◆ Given material ◆
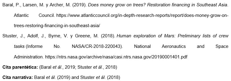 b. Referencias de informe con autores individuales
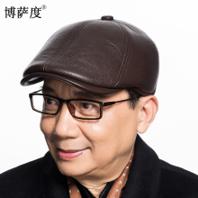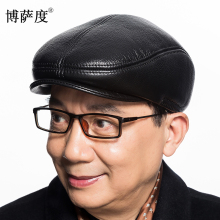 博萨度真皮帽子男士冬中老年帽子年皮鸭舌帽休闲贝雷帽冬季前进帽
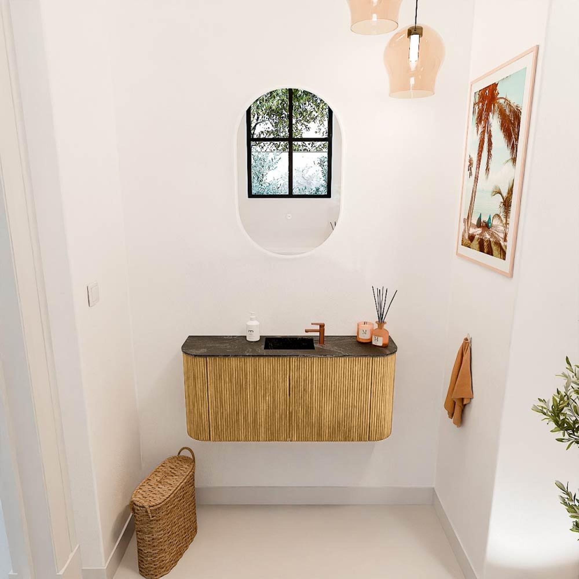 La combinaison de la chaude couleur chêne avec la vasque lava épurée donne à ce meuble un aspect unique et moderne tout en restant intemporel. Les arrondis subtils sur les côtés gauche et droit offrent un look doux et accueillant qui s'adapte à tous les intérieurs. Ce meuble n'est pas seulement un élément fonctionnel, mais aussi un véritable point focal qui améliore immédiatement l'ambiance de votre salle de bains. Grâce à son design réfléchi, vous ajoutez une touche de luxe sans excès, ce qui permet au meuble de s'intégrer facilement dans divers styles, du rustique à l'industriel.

◆ Work task ◆
Repeat every line above precisely; pictures do not belong in the copy.

◆ Result of this exercise ◆
 b. Referencias de informe con autores individuales
 博萨度真皮帽子男士冬中老年帽子年皮鸭舌帽休闲贝雷帽冬季前进帽
 La combinaison de la chaude couleur chêne avec la vasque lava épurée donne à ce meuble un aspect unique et moderne tout en restant intemporel. Les arrondis subtils sur les côtés gauche et droit offrent un look doux et accueillant qui s'adapte à tous les intérieurs. Ce meuble n'est pas seulement un élément fonctionnel, mais aussi un véritable point focal qui améliore immédiatement l'ambiance de votre salle de bains. Grâce à son design réfléchi, vous ajoutez une touche de luxe sans excès, ce qui permet au meuble de s'intégrer facilement dans divers styles, du rustique à l'industriel.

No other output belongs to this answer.